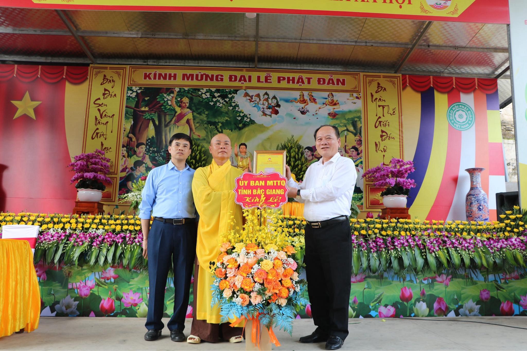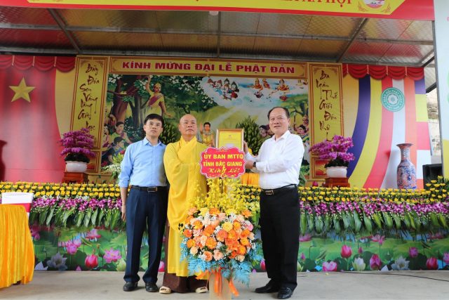 Sau đó, Đại đức Thích Pháp Minh – phó trưởng BTS GHPGVN huyện Lạng Giang đã tuyên đọc Diễn văn khai mạc đại lễ Phật đản của trưởng lão hoà thượng chủ tịch HĐTS GHPGVN, diễn văn nêu rõ mỗi một chúng sinh vì bảo vệ đất nước mà hy sinh đó là thực hành Bồ Tát hạnh “Nhìn lại chặng đường lịch sử đó, Phật giáo Việt Nam tự hào đã góp phần vào chiến thắng hào hùng của dân tộc, góp phần làm nên bản lĩnh và trí tuệ Việt Nam với các thế hệ chư Tăng tham gia phong trào cởi áo cà sa, khoác chiến bào năm 1947. Đó cũng là minh chứng lịch sử tiếp nối hào khí Đông A thời Trần của Phật giáo Trúc Lâm, của Đức vua Phật hoàng Trần Nhân Tông trong dòng chảy lịch sử Phật giáo Việt Nam. Đồng thời, cũng chính là minh chứng hiện thực cho hạnh nguyện cao cả của các bậc Bồ tát đi vào đời thường phát tâm đại nguyện như trong Luận Đại Trượng Phu nêu rõ: “Bồ tát hy sinh tất cả, đại thí cứu người. Người cứu vớt người thì bố thí tất cả, có gì là khó. Người ấy là người tối thắng của muôn loài, là người hướng dẫn muôn loài đạt được sự an lạc. Người ấy là con người của từ bi, nên hy sinh tất cả mà không ngần ngại. Người ấy là người chân thật cứu người, cứu đời”.
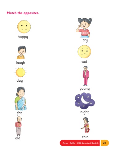 Arrow - Puffin - UKG-Semester-2 English 21Match the opposites.nightyoungsadcrythin oldfatdaylaughhappy
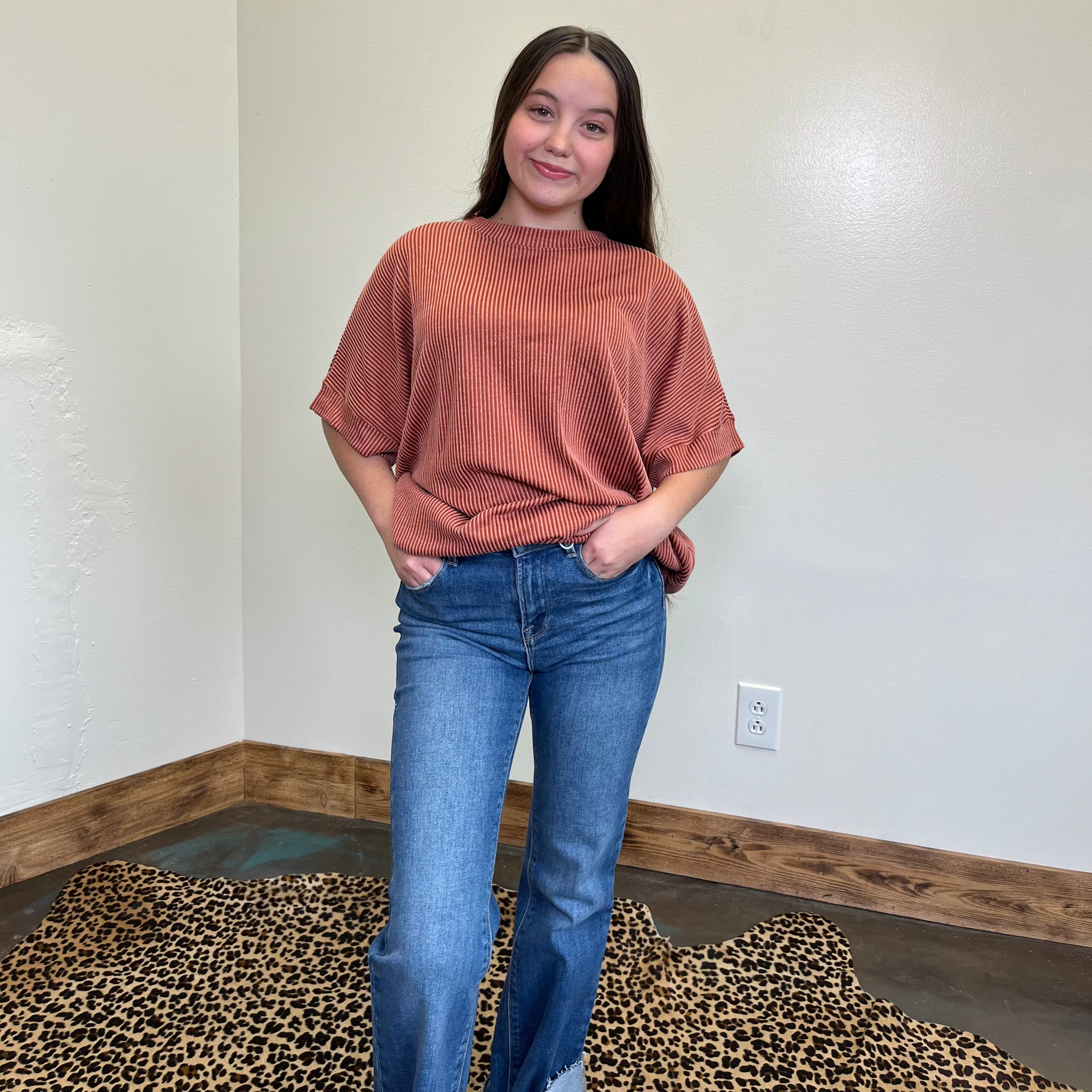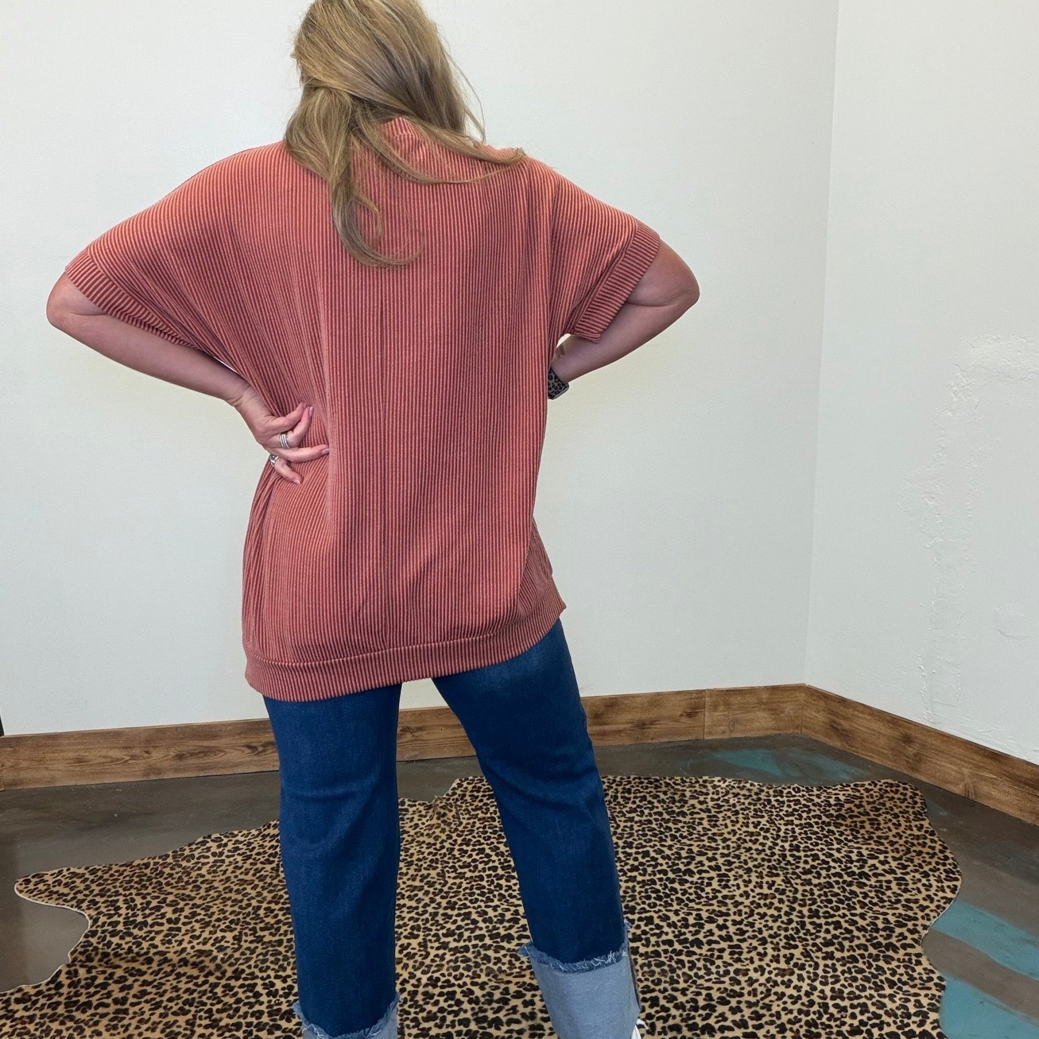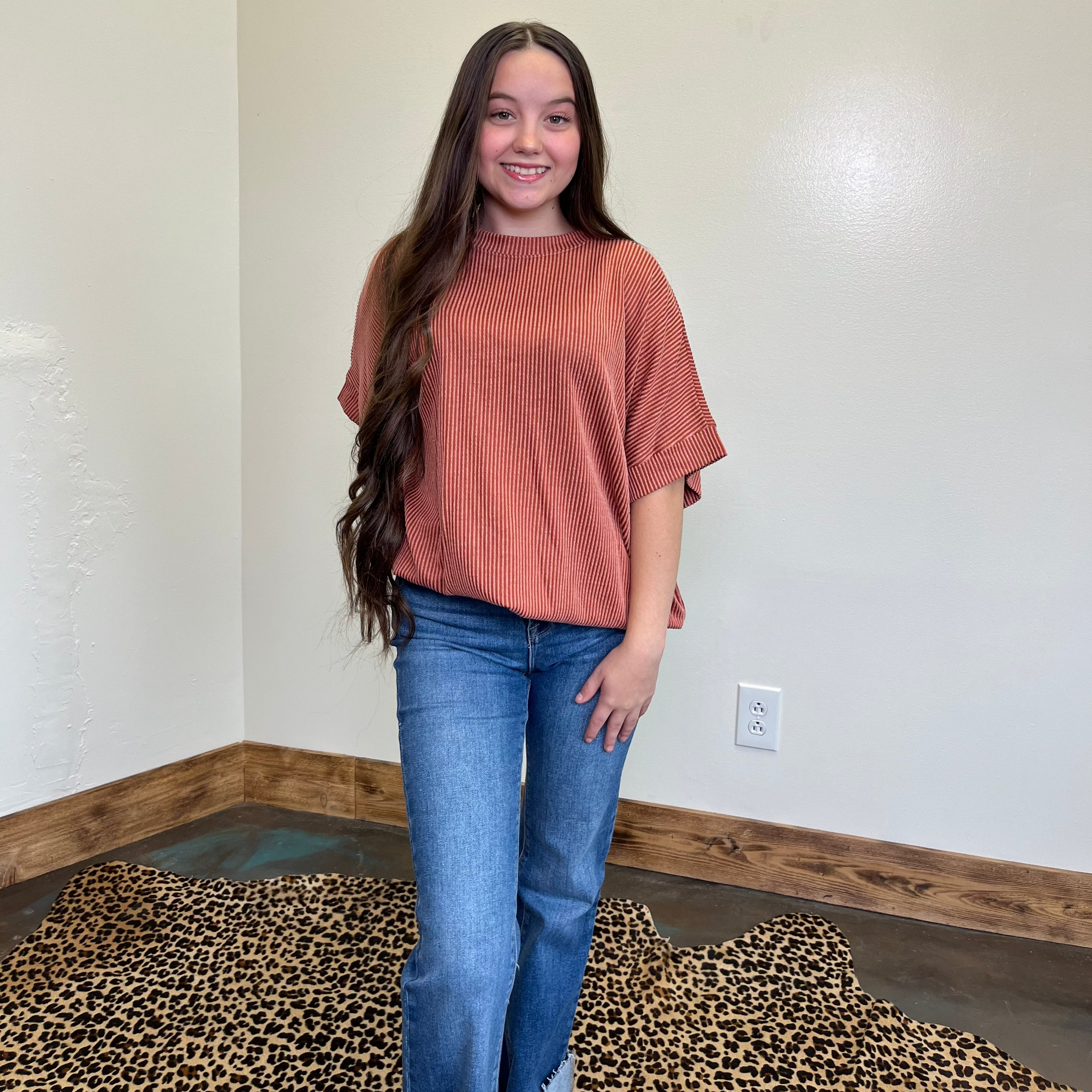 Rust Orange Ribbed Oversized Round Neck Short Sleeve Shirt
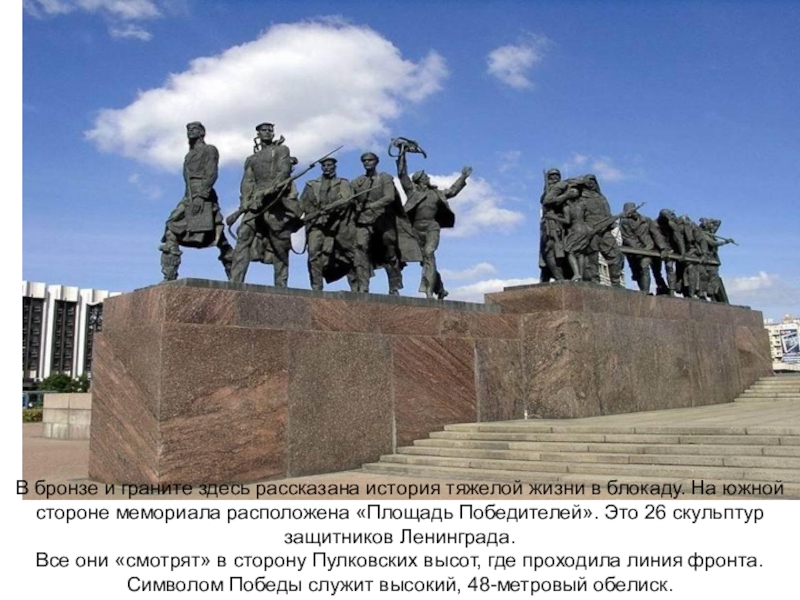Слайд 5В бронзе и граните здесь рассказана история тяжелой жизни в блокаду.
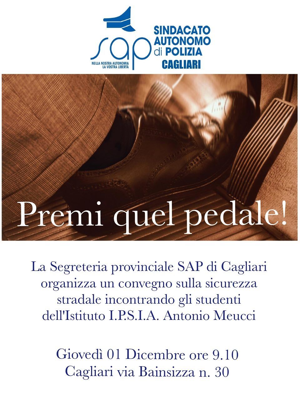 I poliziotti salgono in cattedra. Il Sindacato Autonomo di Polizia di Cagliari ha organizzato un convegno all’Istituto I.P.S.I.A “Antonio Meucci” di Cagliari per domani, giovedì 1° dicembre 2016 dalle ore 9. Verranno svolti tre incontri durante i quali si alterneranno tutti gli studenti appartenenti alle terze, quarte e quinte classi. Il progetto, denominato “Schiaccia quel Pedale”, vuole sensibilizzare chi è appena diventato o lo diventerà a breve un utente della strada, alla luce dei tragici fatti di sangue che inesorabilmente macchiano le strade cagliaritane.
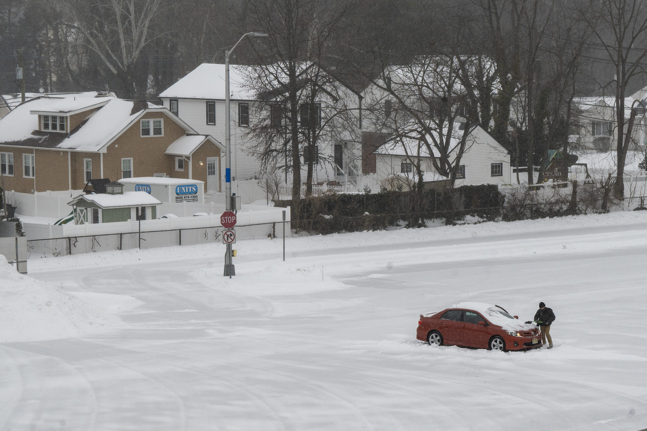 Carmen Roman clears snow off her car at a Cherry Hill Wawa early Sunday morning, Jan. 25, 2026, as heavy snow bands move through the region generating snowfall rates of 1 to 2 inches an hour.
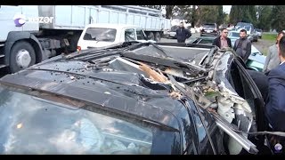 Lənkəranda palıd ağacı hərəkətdə olan maşının üstünə aşdı - VİDEO
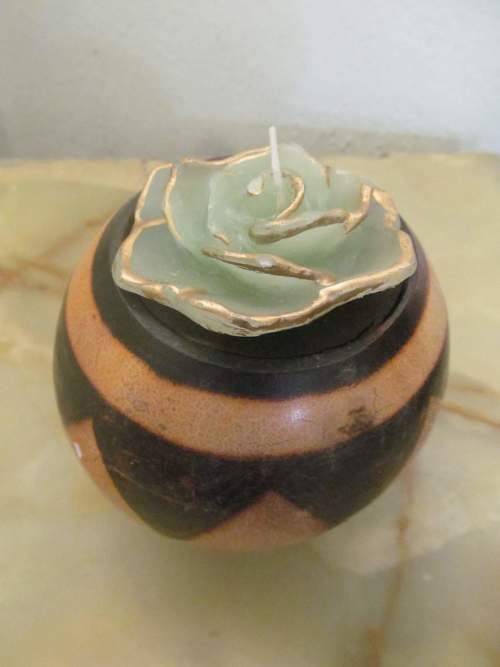 TOGETHER WITH THE MONKEY FRUIT CANDLE IS A LIGHT GREEN TEALIGHT CANDLE WITH PROMINENT GOLD TRIM CRAFTED IN THE APPEARANCE OF A ROSE. THE ITEM IS IN PERFECT CONDITION. 2.7cm HEIGHT.....7cm DIAMETER
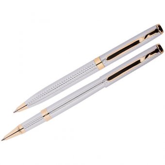 Идеальный подарочный набор в подарок деловому человеку: шариковая ручка, диаметр пишущего узла - 1,0 мм и ручка роллер, диаметр пишущего узла - 0,6 мм. Цвет корпуса - серебристый, с рифлением. Отделка - золотистого цвета. Изящная гравировка.
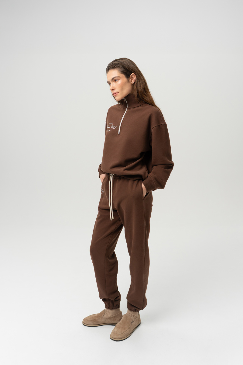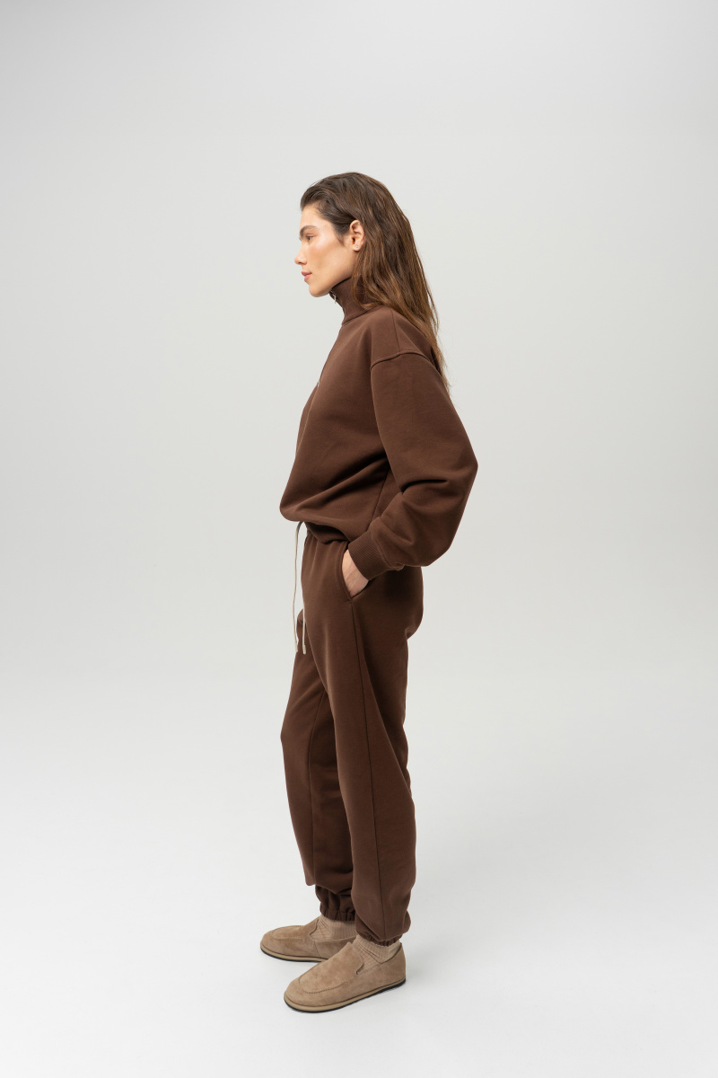 Джогеры из мягкого велюрового трикотажа. Прямой крой, пояс-кулиска на шнурке, внизу резинка.

········

▶ [Work item] The required output is the lines from the one containing "Идеальный подарочный набор" through the end of the data, printed exactly, with no pictures.

▶ [Task result]
 Идеальный подарочный набор в подарок деловому человеку: шариковая ручка, диаметр пишущего узла - 1,0 мм и ручка роллер, диаметр пишущего узла - 0,6 мм. Цвет корпуса - серебристый, с рифлением. Отделка - золотистого цвета. Изящная гравировка.
 Джогеры из мягкого велюрового трикотажа. Прямой крой, пояс-кулиска на шнурке, внизу резинка.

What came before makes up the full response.